Asian airline Cathay Pacific released sustainability data

The Hong Kong airline Cathay Pacific released its sustainability report for 2021 and CEO Augustus Tang says it benchmarks its future plans for resilience

As it completes its 75th year, the message around sustainability at Cathay Pacific is a critical one. The company suffered majorly over the past few years and is still recovering from the downfall of the coronavirus pandemic, but nonetheless, it is once again taking steps to succeed. 

The firm has experienced a significant slump in flights since the onset of COVID-19 and as China became the epicentre of the virus, resulting in strict quarantine rules, operating its planes and other functions has been costly. Its CEO, Augustus Tang is hopeful that Cathay is now moving forward sustainably as it looks to increase its uptake of passengers and ensure flights are more sustainable than ever before. 

"Despite ongoing uncertainties, we are well positioned to capitalise on the recovery expected in 2022,” says Tang. 

“With our people pressing on with the delivery of service excellence to our customers and communities, I am confident that we will move beyond our current challenges and thrive in the years to come. I want to thank all our people for their dedication and commitment during a period of major disruption. Together we will continue to connect Hong Kong to the world in sustainable ways as recovery accelerates."

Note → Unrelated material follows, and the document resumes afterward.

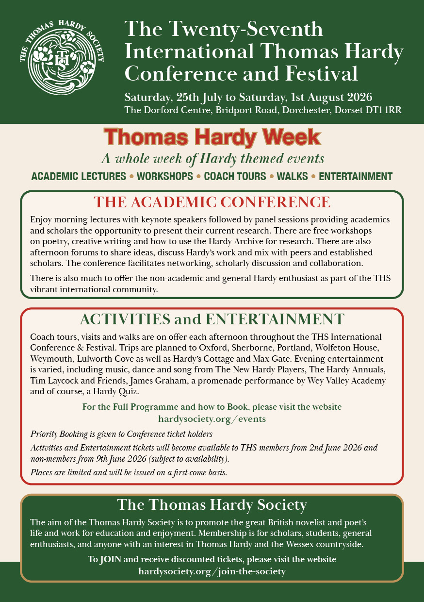 The 27th festival runs from Saturday, 25th July to 1st August 2026 and includes academic lectures, literary tours of Hardy’s Wessex, entertaining performances and social events. Everyone is welcome.

A future of emissions reduction with sustainable aviation fuel

The firm’s report highlights the achievements of the organisation in 2021 as it looks to the future to implement sustainable aviation fuel (SAF), reduce plastics and other waste items across its operations, and implement better diversity initiatives. 

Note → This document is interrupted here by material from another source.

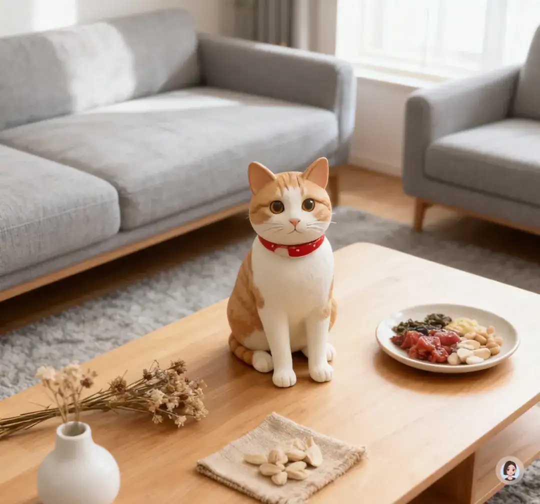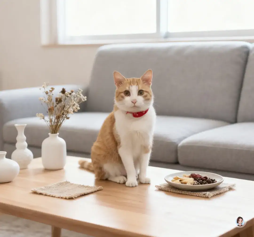 你的橘白猫咪坐在沙发边缘,姿态平静,毛发柔软,红项圈在低饱和背景中格外醒目;眼神温柔,使画面呈现“与猫共居”的生活方式氛围。

"This year we celebrated 75 years as Hong Kong’s home airline. As we look to build a resilient and successful future, the global pandemic continues to have a huge impact on our business and the aviation industry…,” Tang says.

“Against this backdrop, I am pleased to share our 2021 Sustainable Development Report, which outlines the many initiatives that we continue to take to protect the planet and our people, including the support we have given our communities during this global health crisis. It also sets out specific progress on achieving carbon neutrality and other priority sustainability issues."

Its target is set, which, in the grand scheme of things, is not the highest for an industry that requires significant intervention to reach net-zero emissions. But, taking into account the effects of the pandemic, Cathay has set a goal of 10% SAF in flight operations by 2030. There is also an agreement in place between Cathay and oneworld airlines—an alliance governing various airlines, including British Airways, Cathay Pacific, American Airlines, Alaska Airlines, and others—for the purchase of more than 350 million gallons SAF. 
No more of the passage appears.